▸ WHAT YOU HAVE TO DO:
All entries are to be copied exactly, with pictures removed.

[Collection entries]
*** Block opens ***

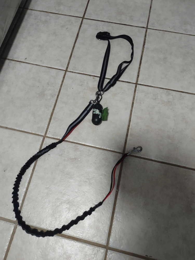 30Selling a black dog leash! It features a bungee cord section for a bit of give, making walks more comfortable for both you and your furry friend. It also comes with a convenient poop bag dispenser attached
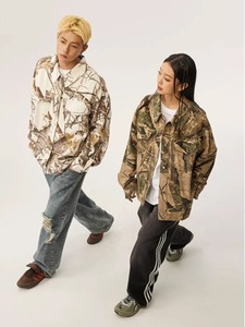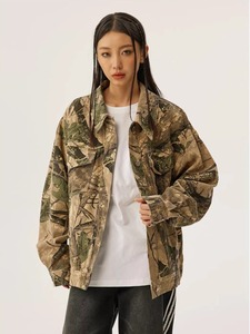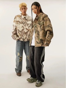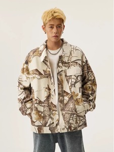 アメリカの街頭で古い迷彩のデニムのコートをします。
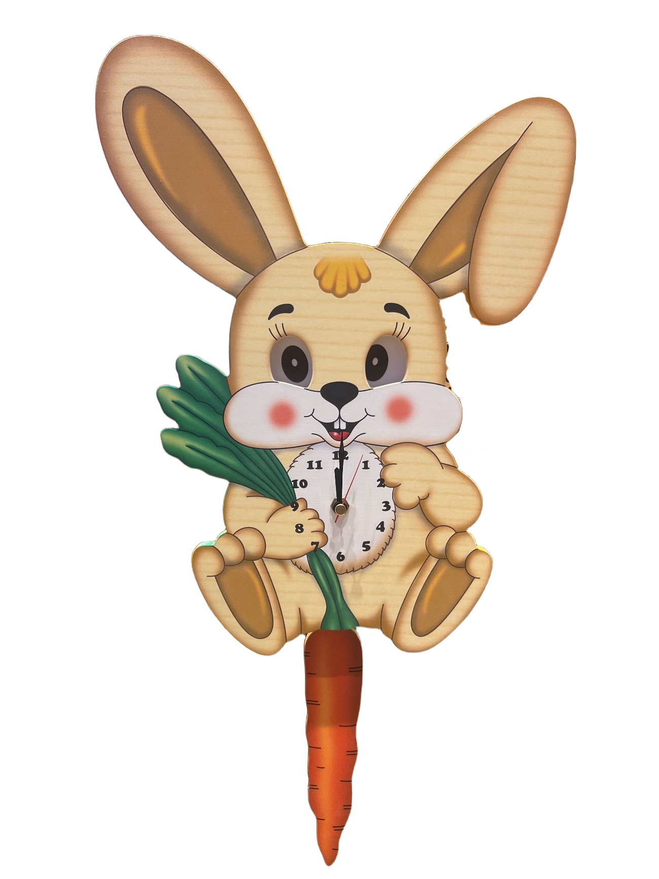 Let this cheerful bunny brighten your wall and your day! Handcrafted from natural wood and painted with soft, friendly features, this rabbit clock adds a touch of whimsy to any space. With every tick, its eyes gently move—bringing life, motion, and a smile to little ones and grown-ups alike.
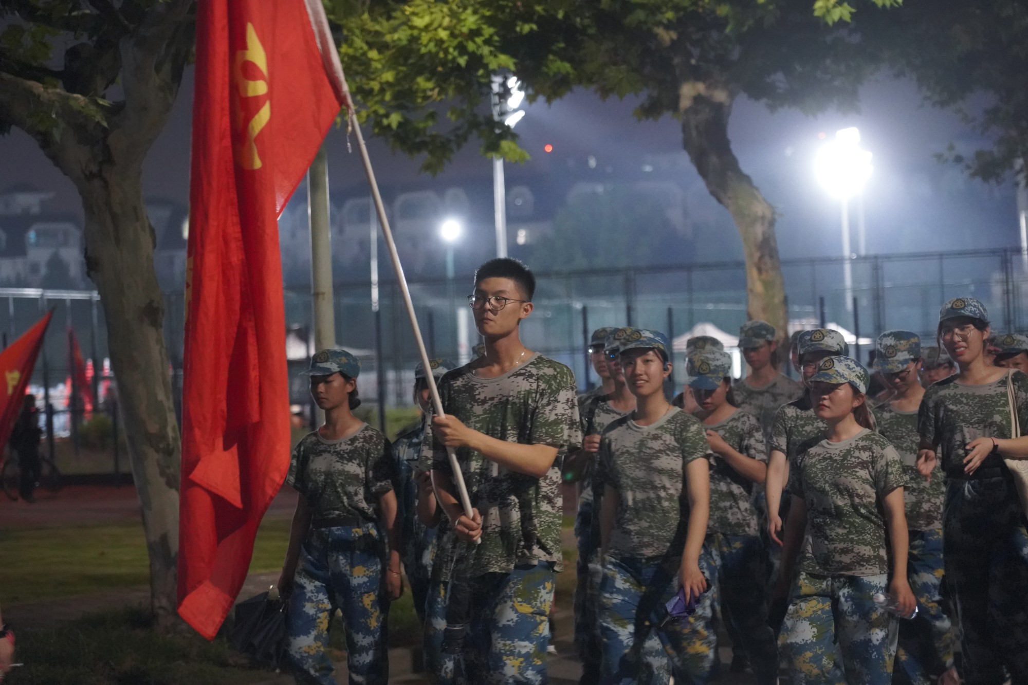 8月27日晚8点半,华东师大闵行校区西操场上,两个小时的军训合唱比赛彩排刚结束,一阵急促的号角声又响起。16个连2600名参训学生迅速整队、清点人数、行前动员……短短几分钟,就在西操场集结完毕,准备出征校园夜间行军。“开进!”随着指挥员一声令下,同学们的带领下,豪情万丈、气势如虹,迈上了行军之路。
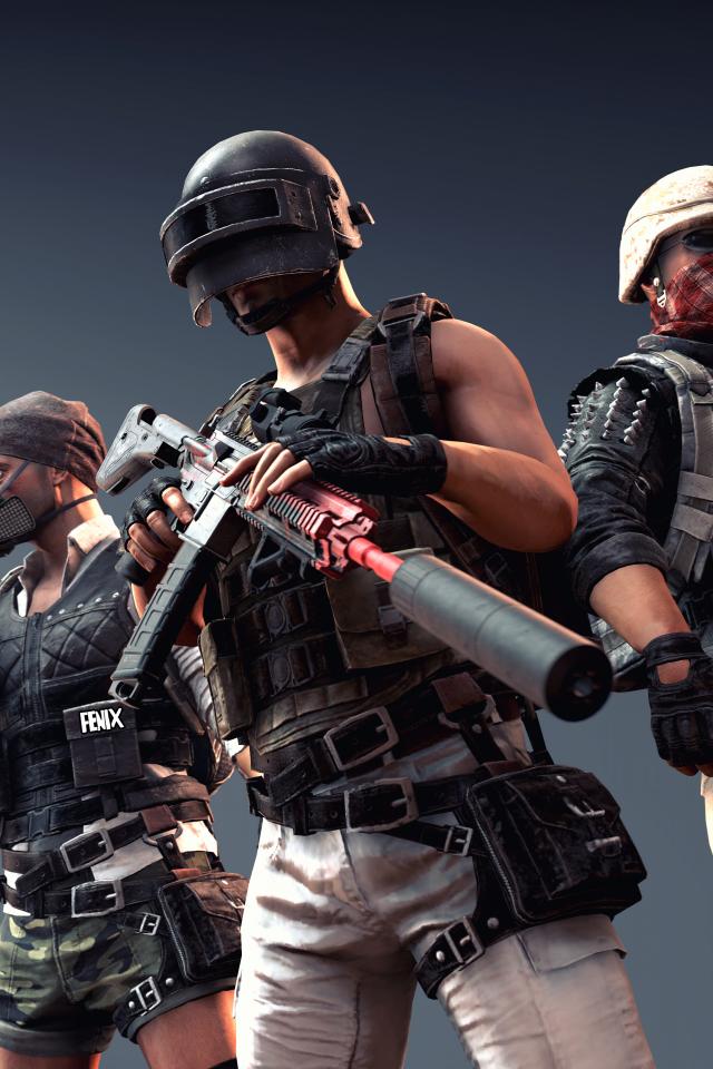 Обои Персонажи компьютерной игры PUBG на сером фоне
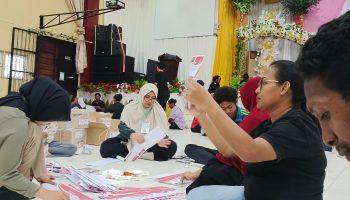 Komisi Pemilihan Umum (KPU) Kota Sorong melakukan proses penyortiran dan pelipatan surat suara Walikota dan…
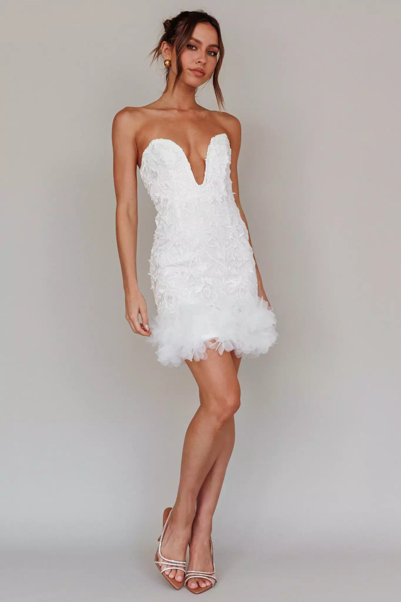 You will steal the limelight in our stunning Time Of My Life mini dress. We are obsessed with its pretty applique overlay and unique floral mesh hem. Perfect as a reception dress or wear it for a special birthday celebration. Team it with white stilettos and a clutch for a look that will make jaws drop.
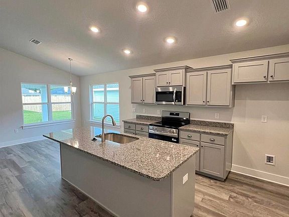 ***MOVE IN READY!!!*** CONVENIENTLY LOCATED TO NAVY FEDERAL, UWF AND ALL THE SHOPPING NEEDED FOR YOUR EVERYDAY NEEDS. THE 1425 PLAN IS A 3 BEDROOM 2 BATH THAT IS SURE TO IMPRESS YOU FROM THE TIME YOU ENTER INTO THE HOME THROUGH THE FOYER. THE ENTIRE HOME HAS LUXURY VINYL PLANK FLOORING THROUGHOUT WITH CARPET IN THE BEDROOMS ONLY. AS YOU LEAVE THE FOYER, YOU ARE GREETED BY THE MASSIVE OPEN FLOOR PLAN. THE GIANT FAMILY ROOM HAS A CEILING FAN. THERE IS A SINGLE FRENCH DOOR THAT OPENS ONTO A 15 X 13 COVERED PATIO THAT IS PERFECT FOR A MORNING CUP OF COFFEE OR ENTERTAINING ON THE WEEKEND. THE KITCHEN IS OPEN TO THE FAMILY ROOM AND CONTAINS STAINLESS STEEL APPLIANCES, WHITE SOLID WOOD SHAKER STYLE CABINETS AND A COUNTER HEIGHT BAR WITH GRANITE COUNTER TOPS. OFF OF THE KITCHEN, THERE IS A LAUNDRY ROOM THAT LEADS TO A 2 CAR GARAGE THAT HAS A GARAGE DOOR OPENER. THE MASTER BEDROOM IS OFF OF THE FAMILY ROOM AND HAS A CEILING FAN AND BOXED CEILING. THE MASTER BEDROOM OPENS UP TO THE MASTER BATH THAT HAS A DOUBLE VANITY, WALK-IN CLOSET AND SHOWER/ TUB COMBO. THE ADDITIONAL BEDROOMS ARE IN A SEPARATE HALLWAY AND HAVE AMPLE CLOSET SPACE. BOTH SPARE BEDROOMS SHARE A BATH THAT CONTAINS A SINGLE VANITY AND SHOWER/ TUB COMBO.
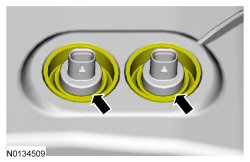 7. Inspect the 2 VCT (Variable Camshaft Timing) solenoid seals. Remove any damaged seals.
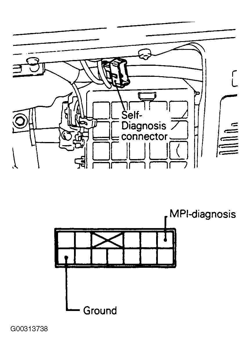 - Connect analog-type voltmeter between ground terminal and self-diagnosis output terminal of diagnosis connector. See Fig 1 .
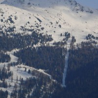 Zoom ins Skigebiet Nax, die Schneise im Wald gehört zum Leitner-Schlepplift Cabane, März 2008
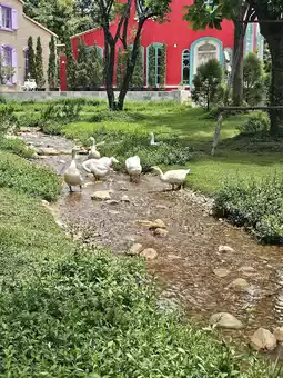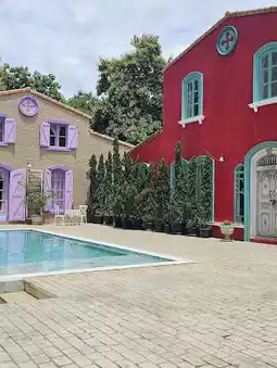 99 Villa & Cafe is a vibrant escape that doesn't aim to be sleek or trendy. Instead, it bursts with bright colors—pink, blue, yellow—lush greenery, a small European-style house, and an abundance of trees that make you feel like you've stepped into a perfume commercial. And yes, there are actual geese strolling by the pond—no joke.
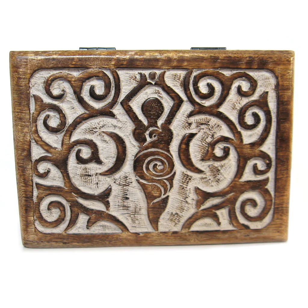 A Goddess image surrounded by spirals represents creativity, divine energy, and rebirth. It's the perfect place to store your mystical tools and treasures.
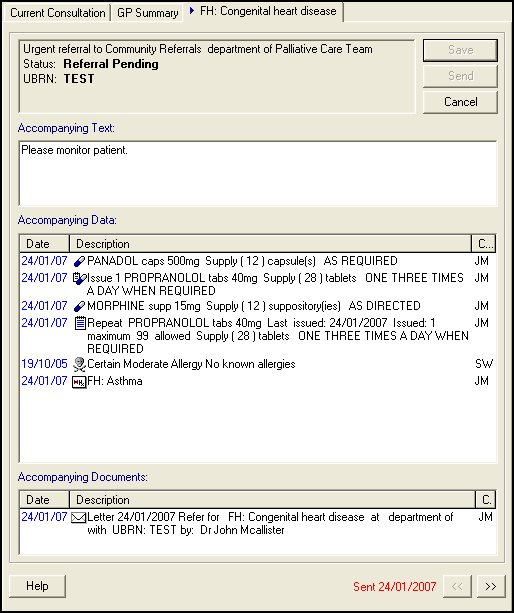 An RMD displays as an Electronic Letter on a patient record, you can select the entry to display the RMD at the bottom of the screen or right click on it and select Edit:

*** Block closes ***

▸ RESULT OF THIS EXERCISE:
 30Selling a black dog leash! It features a bungee cord section for a bit of give, making walks more comfortable for both you and your furry friend. It also comes with a convenient poop bag dispenser attached
 アメリカの街頭で古い迷彩のデニムのコートをします。
 Let this cheerful bunny brighten your wall and your day! Handcrafted from natural wood and painted with soft, friendly features, this rabbit clock adds a touch of whimsy to any space. With every tick, its eyes gently move—bringing life, motion, and a smile to little ones and grown-ups alike.
 8月27日晚8点半,华东师大闵行校区西操场上,两个小时的军训合唱比赛彩排刚结束,一阵急促的号角声又响起。16个连2600名参训学生迅速整队、清点人数、行前动员……短短几分钟,就在西操场集结完毕,准备出征校园夜间行军。“开进!”随着指挥员一声令下,同学们的带领下,豪情万丈、气势如虹,迈上了行军之路。
 Обои Персонажи компьютерной игры PUBG на сером фоне
 Komisi Pemilihan Umum (KPU) Kota Sorong melakukan proses penyortiran dan pelipatan surat suara Walikota dan…
 You will steal the limelight in our stunning Time Of My Life mini dress. We are obsessed with its pretty applique overlay and unique floral mesh hem. Perfect as a reception dress or wear it for a special birthday celebration. Team it with white stilettos and a clutch for a look that will make jaws drop.
 ***MOVE IN READY!!!*** CONVENIENTLY LOCATED TO NAVY FEDERAL, UWF AND ALL THE SHOPPING NEEDED FOR YOUR EVERYDAY NEEDS. THE 1425 PLAN IS A 3 BEDROOM 2 BATH THAT IS SURE TO IMPRESS YOU FROM THE TIME YOU ENTER INTO THE HOME THROUGH THE FOYER. THE ENTIRE HOME HAS LUXURY VINYL PLANK FLOORING THROUGHOUT WITH CARPET IN THE BEDROOMS ONLY. AS YOU LEAVE THE FOYER, YOU ARE GREETED BY THE MASSIVE OPEN FLOOR PLAN. THE GIANT FAMILY ROOM HAS A CEILING FAN. THERE IS A SINGLE FRENCH DOOR THAT OPENS ONTO A 15 X 13 COVERED PATIO THAT IS PERFECT FOR A MORNING CUP OF COFFEE OR ENTERTAINING ON THE WEEKEND. THE KITCHEN IS OPEN TO THE FAMILY ROOM AND CONTAINS STAINLESS STEEL APPLIANCES, WHITE SOLID WOOD SHAKER STYLE CABINETS AND A COUNTER HEIGHT BAR WITH GRANITE COUNTER TOPS. OFF OF THE KITCHEN, THERE IS A LAUNDRY ROOM THAT LEADS TO A 2 CAR GARAGE THAT HAS A GARAGE DOOR OPENER. THE MASTER BEDROOM IS OFF OF THE FAMILY ROOM AND HAS A CEILING FAN AND BOXED CEILING. THE MASTER BEDROOM OPENS UP TO THE MASTER BATH THAT HAS A DOUBLE VANITY, WALK-IN CLOSET AND SHOWER/ TUB COMBO. THE ADDITIONAL BEDROOMS ARE IN A SEPARATE HALLWAY AND HAVE AMPLE CLOSET SPACE. BOTH SPARE BEDROOMS SHARE A BATH THAT CONTAINS A SINGLE VANITY AND SHOWER/ TUB COMBO.
 7. Inspect the 2 VCT (Variable Camshaft Timing) solenoid seals. Remove any damaged seals.
 - Connect analog-type voltmeter between ground terminal and self-diagnosis output terminal of diagnosis connector. See Fig 1 .
 Zoom ins Skigebiet Nax, die Schneise im Wald gehört zum Leitner-Schlepplift Cabane, März 2008
 99 Villa & Cafe is a vibrant escape that doesn't aim to be sleek or trendy. Instead, it bursts with bright colors—pink, blue, yellow—lush greenery, a small European-style house, and an abundance of trees that make you feel like you've stepped into a perfume commercial. And yes, there are actual geese strolling by the pond—no joke.
 A Goddess image surrounded by spirals represents creativity, divine energy, and rebirth. It's the perfect place to store your mystical tools and treasures.
 An RMD displays as an Electronic Letter on a patient record, you can select the entry to display the RMD at the bottom of the screen or right click on it and select Edit:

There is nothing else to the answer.